The present-day Klamath Indian Reservation consists of twelve small non-contiguous parcels of land in Klamath County.[27] These fragments are generally located in and near the communities of Chiloquin and Klamath Falls. Their total land area is 308 acres (1.248 km2). As is the case with many Native American tribes,[28] today few Klamath tribal members live on the reservation; the 2000 census reported only nine persons resided on its territory, five of whom were white people.[29]
In 2001, an ongoing water rights dispute between the Klamath Tribes, Klamath Basin farmers, and fishermen along the Klamath River became national news. The Klamath Basin Restoration Agreement, under discussion since 2005, was ultimately signed into law in February 2010. To improve fishing for salmon and the quality of the salmon runs, the Klamath Tribes are pressing for dams to be demolished on the upper rivers, as they have reduced the salmon runs.
By signing the Treaty with the Klamath of 1864, 16 Stat. 707,[30] the Klamath tribe ceded 20 million acres (81,000 km2) of land but retained 2 million acres (8,100 km2) and the rights to fish, hunt, trap, and gather from the lands and waters as they have traditionally done for centuries.[31]

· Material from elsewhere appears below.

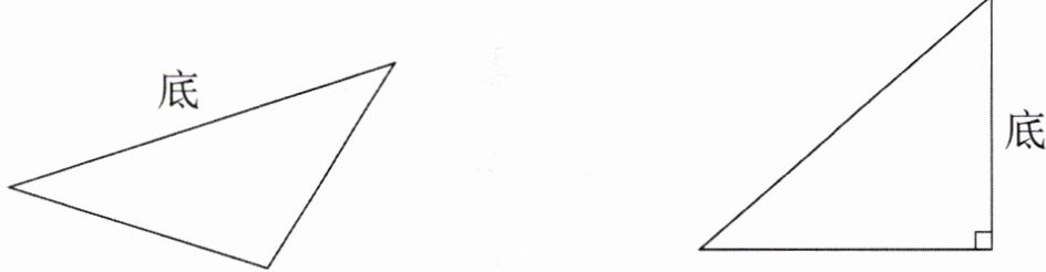 第一个图:从与底边相对的顶点向底边作垂线,垂线段的长度就是高,在垂足处标上垂直符号。

As part of an effort at assimilation, in 1954 the U.S. Congress had terminated the federal relationship with the Klamath Tribes, but stated in the Klamath Termination Act, "Nothing in this [Act] shall abrogate any water rights of the tribe and its members... Nothing in this [Act] shall abrogate any fishing rights or privileges of the tribe or the members thereof enjoyed under Federal treaty."[31]
The states of California and Oregon have both tried to challenge Klamath tribe's water rights, but have been rebuffed. Local farmers tried unsuccessfully to claim water rights in the 2001 cases, Klamath Water Users Association v. Patterson and Kandra v. United States but these were decided in favor of the Department of Interior's right to give precedence to tribal fishing in its management of water flows and rights in the Klamath Basin.[31] In 2002, U.S. District Judge Owen M. Panner ruled that the Klamath Tribes' right to water preceded that of non-tribal irrigators in the court case United States vs. Adair, originally filed in 1975.[32]
The Klamath Tribes are governed by a democratically elected Tribal Council, serving three-year terms. The current tribal government leadership is as follows:[33]
2022-2025 Tribal Council
2019-2022
There are over 5700 enrolled members in the Klamath Tribes,[34] with the government headquarters centered in Klamath County, Oregon. Most tribal lands were liquidated when Congress ended federal recognition in 1954 under its forced Indian termination policy. Some lands were restored when recognition was restored. The tribal administration currently offers services throughout Klamath County.
The Klamath Tribes opened the Kla-Mo-Ya Casino in Chiloquin, Oregon in 1997 on forty acres (16 ha) of land along the Williamson River.[35] It provides revenue which the tribe uses to support governance and investment for tribal benefit.